Above: Forecast from the 12Z Monday, May 4, run of the GFS model for departures from average temperature (degrees C) at 6Z (2 am EDT) Sunday, May 10, 2019. (tropicaltidbits.com)
A startlingly cold air mass for May will invade the eastern United States later this week, just in time for Mother’s Day weekend. Meanwhile, the latest in a surge of record warmth over the Southwest will push northward through the Pacific states.
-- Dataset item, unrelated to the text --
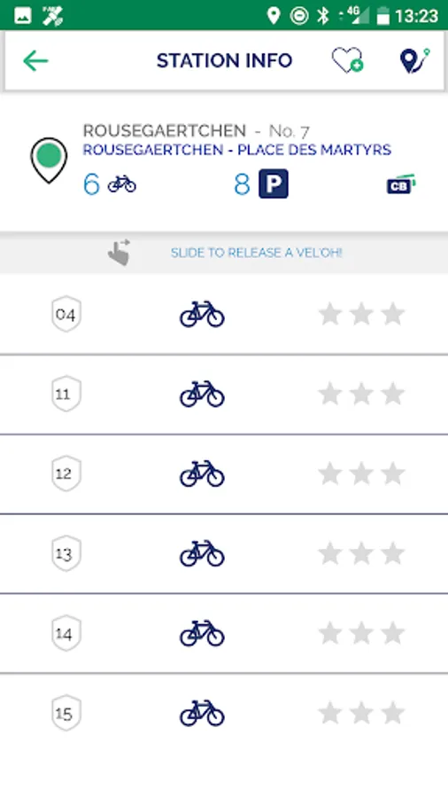 When you arrive close to the station, press “Unlock a vel’OH!” and choose your vel’OH! from the list of available bikes there.

The hot-west-chilly-east pattern is being driven by a familiar pattern, one where the jet stream buckles poleward in western North America and then dives toward lower latitudes across the eastern half of the continent. The eastern cold push will be reinforced by a lobe of the polar vortex that normally stays much further north by mid-spring. (This lobe is in the tropospheric polar vortex, the lower-altitude version that is more prone to dip into midlatitudes than the stratospheric polar vortex.)
By Mother’s Day weekend, frosts are a possibility over the Southern Appalachians. A chilly, cloudy Saturday could stay well below 50°F as far south as parts of Ohio and Pennsylvania, including Pittsburgh. There’s a good chance of snowflakes across northwest Pennsylvania, most of upstate New York, and northern New England. Some of the snow may even accumulate, especially at higher elevations of the Adirondacks and New England.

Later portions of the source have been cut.